Boris Johnson sendete aus London unklare Signale zur britischen Haltung im Atomstreit Bild: picture-alliance/Photoshot

EU-Chefdiplomat Borrell dagegen betont, auch Großbritanniens Außenminister Raab habe den Brief der EU3 unterschrieben, wonach das Atomabkommen am Leben erhalten werden solle. "Niemand hat den Deal verlassen, die Atomaufsichtsbehörde in Wien überwacht ihn weiter. Der Vertrag sei in einer Erklärung des UN-Sicherheitsrates festgeschrieben und existiere weiter. Das Abkommen sei ein wichtiger Teil der internationalen Abrüstungsarchitektur.

Hilflose Europäer

Im Europaparlament, wo zuvor stundenlang über die Finanzierung der Klimapolitik diskutiert worden war, zeigt die Debatte über den Iran, dass es an außenpolitischen Experten in der neu gewählten Runde fehlt. Es gibt keine Kenner der Nahostpolitik mehr und quer durch die Parteien bleibt es bei Appellen an die Vernunft beim Iran, an die Geschlossenheit der EU-Mitgliedsländer und den guten Willen der Europäer, als Vermittler die drohende Eskalation wieder einzufangen.

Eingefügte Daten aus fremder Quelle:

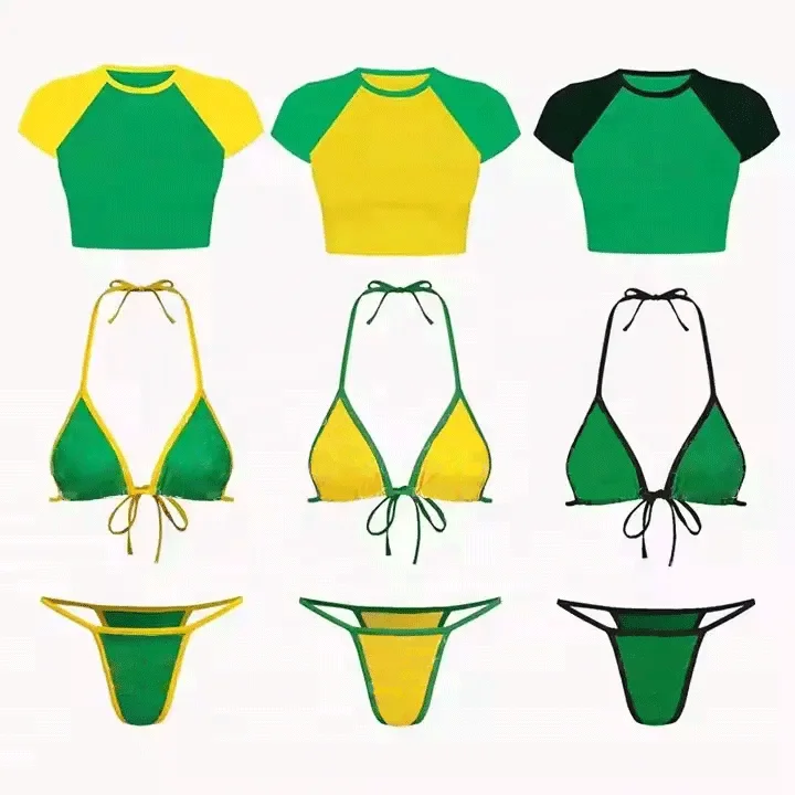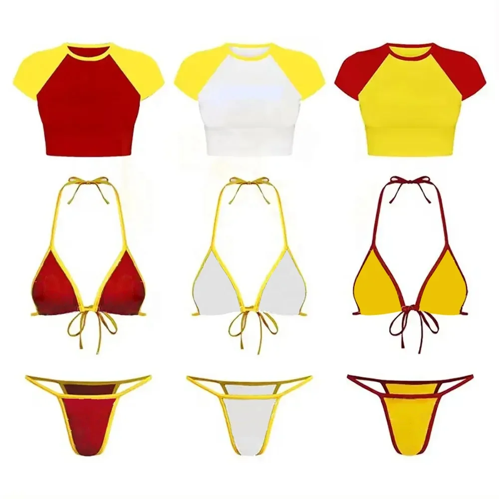 Customized Women's Tiger Stripe Bikini Top T-Shirt Swimwear Bathing Suits Sexy Bikini Sets Sequined Print Custom Swimwear

Klar ist dabei, dass die EU außer guten Worten nichts zu bieten hat: Der Zahlungsmechanismus Instex, mit dem man Sanktionen der USA umgehen und dem Iran einen begrenzten Außenhandel ermöglichen wollte, ist bis heute nicht funktionsfähig. Hier hat die EU Versprechen gemacht, die sie nicht einhalten konnte. Alle Hoffnungen richten sich also jetzt auf die erneuten diplomatischen Bemühungen im Rahmen des Streitschlichtungsverfahrens, die von Josep Borrell koordiniert werden.

Quer über die Parteien hinweg wurde es als positives und vielleicht sogar hoffnungsvolles Zeichen gesehen, dass die Regierung in Teheran sich zum Abschuss der ukrainischen Zivilmaschine am vergangenen Mittwoch bekannt und sich entschuldigt hat. Jetzt müsse genau aufgeklärt werden, wie es zu dem schrecklichen Unfall kommen konnte. Zudem appellieren alle Redner an die iranische Regierung, Demonstrationen gegen das Regime nicht erneut gewaltsam zu unterdrücken. Bei den Verhandlungen mit dem Iran müsse auch über die Menschenrechtslage im Land gesprochen werden, fordern Sprecher von Grünen und Liberalen.

Wie groß ist sein außenpolitisches Verhandlungsgeschick? EU-Chefdiplomat Josep BorrellBild: picture alliance/Xinhua/Z. Huansong

Die ganze Hoffnung der EU liegt jetzt bei ihrem Chefdiplomaten. Borrell allerdings ist als Ökonom ausgebildet, war Präsident des Europaparlaments und zuletzt gerade mal ein Jahr lang spanischer Außenminister. In diesem schwierigen Fach ist er also eher ein Spätberufener. In der öffentlichen Darstellung kann Borrell den Glauben an eine schlagkräftige europäische Außenpolitik eher nicht wecken. Ob er hinter verschlossenen Türen der beschlagene und erfolgreiche Verhandlungsführer ist, der jetzt gebraucht wird, ist bislang nicht bewiesen.